__DATASET EXCERPT__
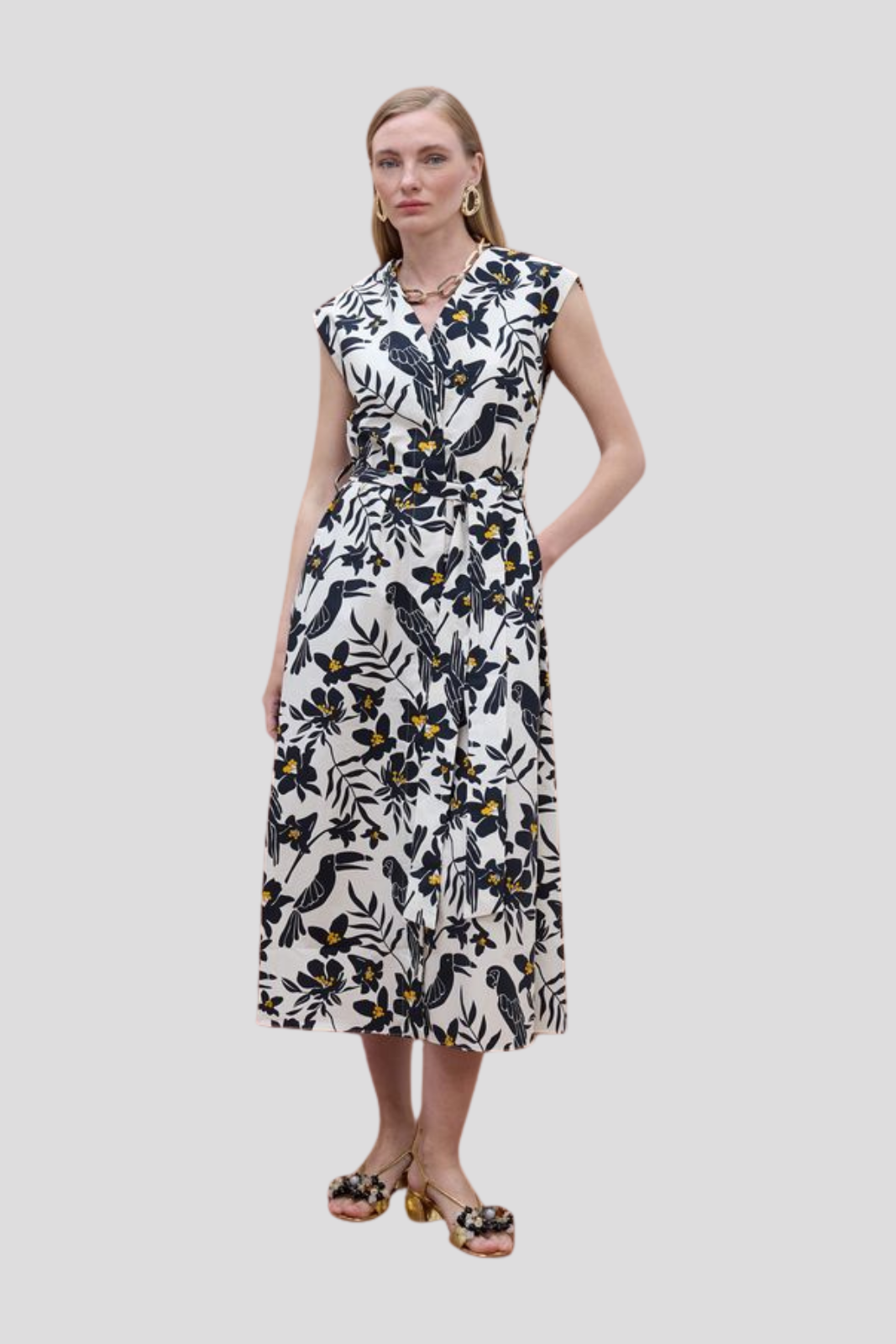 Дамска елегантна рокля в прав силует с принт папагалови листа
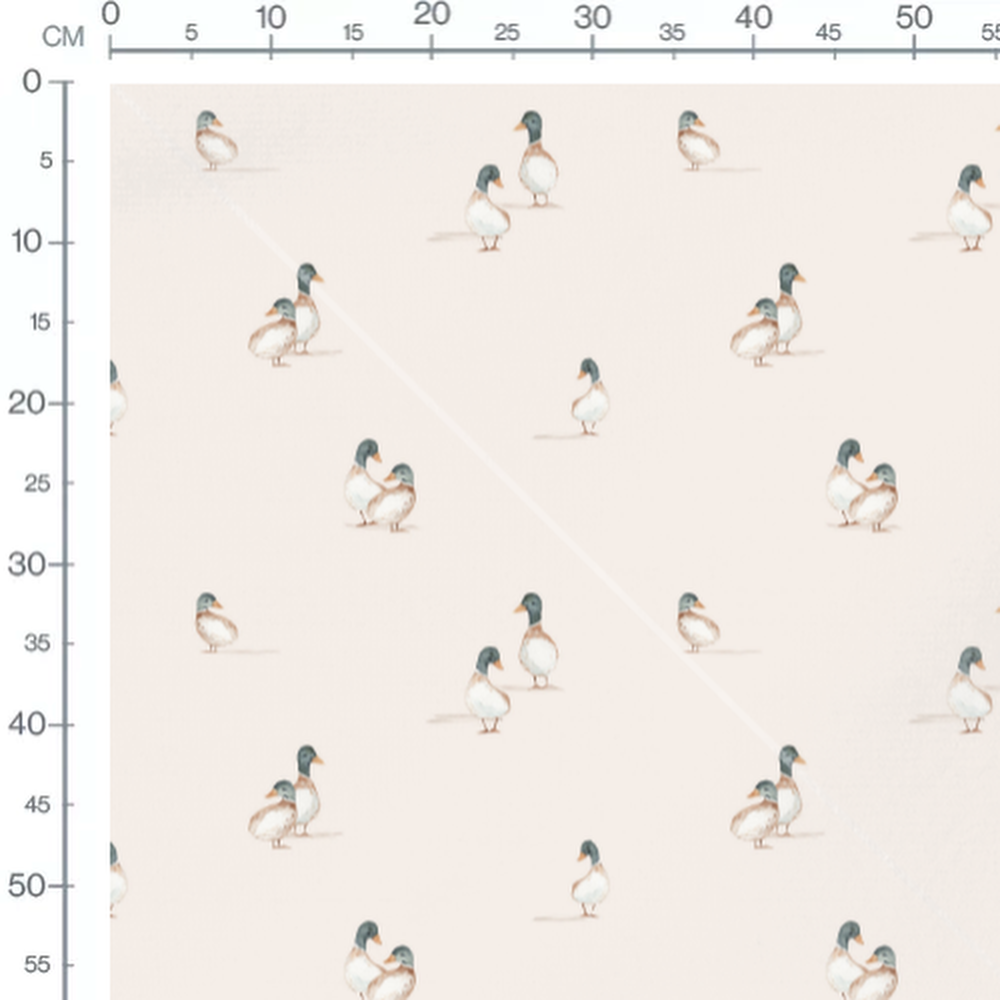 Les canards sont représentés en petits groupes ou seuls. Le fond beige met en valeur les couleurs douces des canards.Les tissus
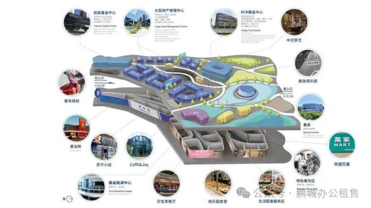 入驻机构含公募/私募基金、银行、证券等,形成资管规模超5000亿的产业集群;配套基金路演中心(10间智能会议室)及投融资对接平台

__TASK TO COMPLETE__
Output the material verbatim, skipping the images.

__FINISHED TASK__
 Дамска елегантна рокля в прав силует с принт папагалови листа
 Les canards sont représentés en petits groupes ou seuls. Le fond beige met en valeur les couleurs douces des canards.Les tissus
 入驻机构含公募/私募基金、银行、证券等,形成资管规模超5000亿的产业集群;配套基金路演中心(10间智能会议室)及投融资对接平台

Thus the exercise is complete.